False Positive Rate: (1 - e^(-k|R|/m))^k
Where:
- k = number of hash functions
- |R| = number of elements in set
- m = length of bit array
Federated Data Marketplaces: The Future
Let's envisions a world where data discovery happens across federated marketplaces - imagine multiple organizations sharing dataset metadata profiles rather than raw data facilitating cross-domain search while preserving confidentiality.
The Arrow Information Paradox
- Buyer: "I want to know what the data contains so I can decide how much to pay"
- Seller: "I won't share my data unless I get guaranteed payment"
The Solution: Metadata Profiles
Instead of sharing raw data, organizations share dataset profiles:
Dataset Profile:
├── Name = "Census Data 2023"
├── Rows = 3014
├── Columns = {id, name, age, income, ...}
├── Description = "Population census data..."
├── Synopses = "50% under age 60, 30% income >30K"

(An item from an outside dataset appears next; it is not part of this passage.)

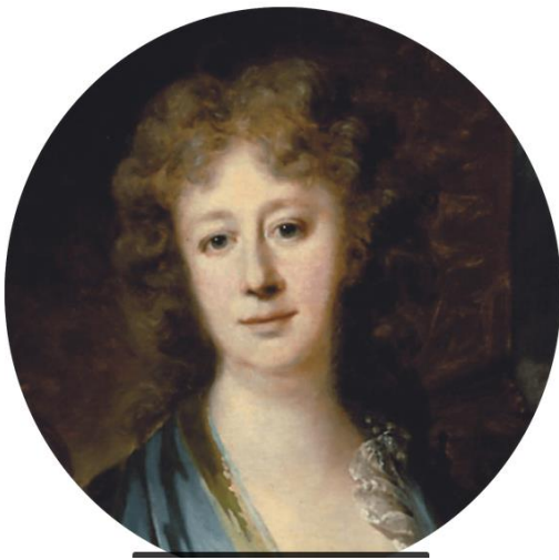
Eva Ekeblad (1724-1786)

► Le siècle de l'agronomie. Les agronomes 11 multiplient les réflexions pour améliorer l'agriculture. L'Anglais Jethro Tull invente le semoir mécanique au début du XVIII e siècle ( doc. 1 ) ; la première Société d'agriculture française est établie à Rennes en 1757. On cherche à stimuler les cultures utiles et rémunératrices comme le colza, le chanvre, le lin, le houblon, le tabac, le navet ou la pomme de terre. Cette dernière est introduite en Suède dès 1658, et se répand massivement grâce à Eva Ekeblad .

└── Privacy Level = "Anonymized"
This enables search without revealing sensitive information!
Key Takeaways
- Inverted indexes makes keyword search fast - O(1) lookup time
- Coverage-based ranking prevents information overload through smart selection
- Query-by-example lets users show what they want instead of describing it
- Dataset combination through joins and unions handles real-world data fragmentation
- Bloom filters optimize operations with probabilistic efficiency
- Federated marketplaces enable privacy-preserving data discovery
The next time you search for data, remember: behind that simple search box lies a sophisticated infrastructure making sense of our data-rich world. As Professor Sainyam often says, the key isn't just finding data, but finding the right data efficiently and intelligently.